In fact, his family owns Kiburu Lodge, located on the southern outskirts of town and a popular accommodation venue for visitors to the Southern Highlands and neighbouring Hela and Kandep district in Enga, which is now connected by the newly opened Mendi-Kandep highway.
Kiburu Lodge which opened in the early 1990s is among a growing number of locally owned lodges and guesthouses such as Mendi Travellers Lodge, Kondea Springs and Maranda Lodge to name a few that have been built in the
Mendi town area over the last decade.
This is a far cry from past decades. Back then, Mendi Hotel built by the family business of the pioneering patrol officer and first SHP regional MP the late Ron Neville, was the only hotel in Mendi. The Clive Steele Club and
Mendi Valley (golf) Club, though not accommodation providers, were the other meeting and recreation venues serving mostly the pre-independence and immediate post-independence expatriate community. Yes, Mendi did have a golf course and club in the good old days.
Apart from the Nevilles, the expatriate community at that time included New Zealand-born businessman Doug Sharpe who owned Mendi Motors (which evolved into Wagi Valley Transport).
There were also members of the Royal Australian Engineers’ (RAE) engineering unit called the 12 Chief Engineers (12CE) Works Unit. It managed the Works Division of Souther Highlands between 1970 and 1999.
There were also missionaries of the various Christian churches. 12CE army engineers and their families were in Mendi under a bilateral arrangement between the governments of PNG and Australia.

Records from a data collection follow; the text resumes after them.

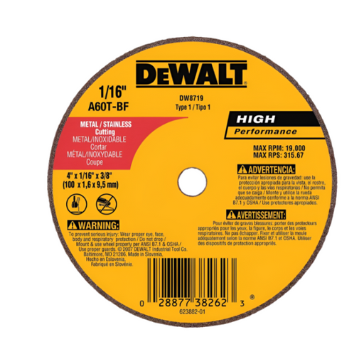 View full detailsMetal/Stainless 4" X 3/8" Disc Dewalt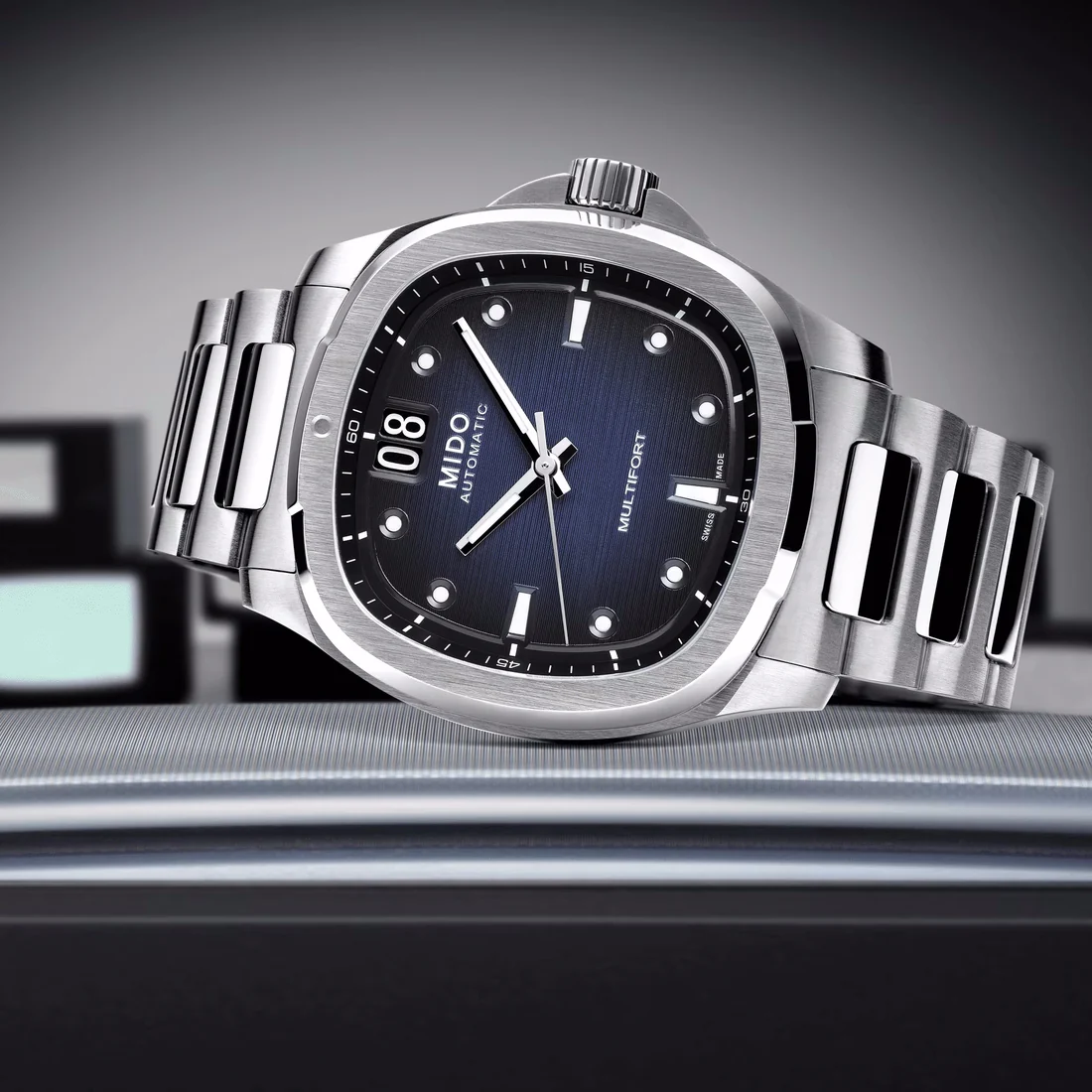 Orologio Mido Multifort Tv Big Date quadrante blu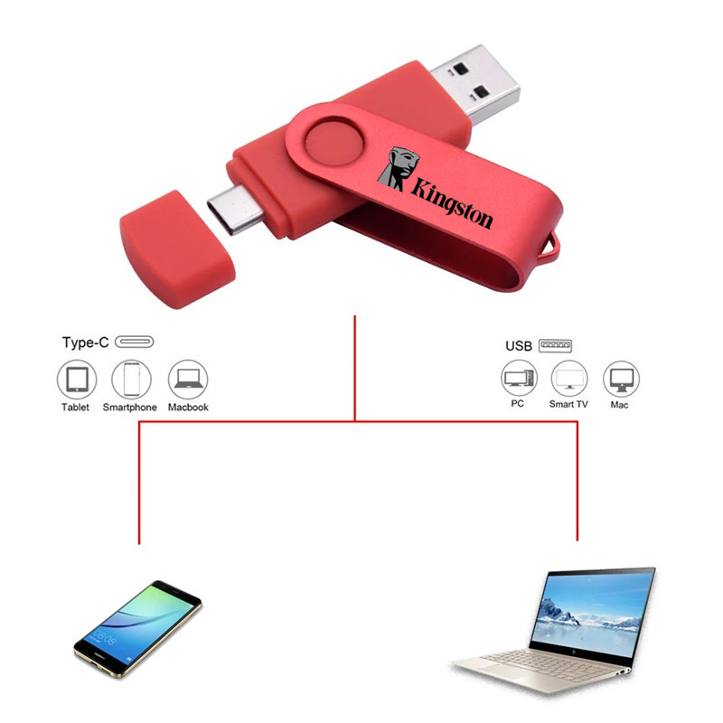Kingston Flashdisk 3in1 OTG USB 2.0 1TB 2TB Dapat Diputar USB Type C Micro High Speed Pen Drive Kapasitas Besar Flash Dr
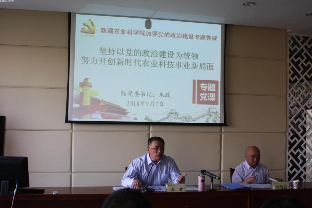 按照自治区党委和自治区直属机关工委有关要求,我院全面开展领导干部讲“党的政治建设”专题党课活动。9月7日,院党委书记朱政率先开讲,作《坚持以党的政治建设为统领,努力开创新时代农业科技事业新局面》专题党课。院党委委员、副院长(正厅级)刘俊浩,院党委委员、副院长康威,全院处级干部和院属各基层党组织支委、党小组长94人聆听了党课。刘俊浩主持党课活动。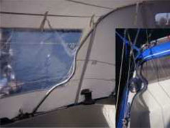 bestehen aus zwei Teilen 1. Die am Persenning befindlichen Klarsichtdreiecke mit integrierter Oese 2. Aufroller bestehend aus einem 40 mm breitem Gummiband mit 2 Haken. Die breiten Aufroller schützen die Plane vor Scheuer- und Druckspuren im Fensterbereich.

This arrangement was to speed up infrastructure development (roads, bridges, airstrips and government buildings) in the frontier province. The engineers operated the Clive Steele Club with its swimming pool, tennis courts and an international school for their children.
Children growing up in tranquil and orderly Mendi in the 1970s and early 1980s would recall those good old times watching golf matches or caddying for the golfers at the golf course of the Mendi Valley Club.
The golf course existed on the block of land (now taken over by a bus-stop and private enterprise) between the northern end of the airport and Momei Oval.
The golf club and Mendi Valley Club are no more. The shifting circumstances also resulted in a sizeable portion of Mendi town’s population and business people relocating to places like Port Moresby over the last 20 years.
Last Wednesday’s government meeting gives a boost to the confidence that Mendi will one day return to the orderliness of the pre-1995 era.
It is in fact the gateway to the multi- billion kina oil and gas extraction project sites.
Ordinary people and the faithful local entrepreneurs of Mendi and adjoining districts would surely hope last Wednesday’s government conference was not a one-off election ruse.
They anticipate it is reflecting a shift in the thinking of Port Moresby-based policy makers and decision-makers to “go rural” as aptly described by Chief Secretary Ambassador Isaac Lupari at the meeting.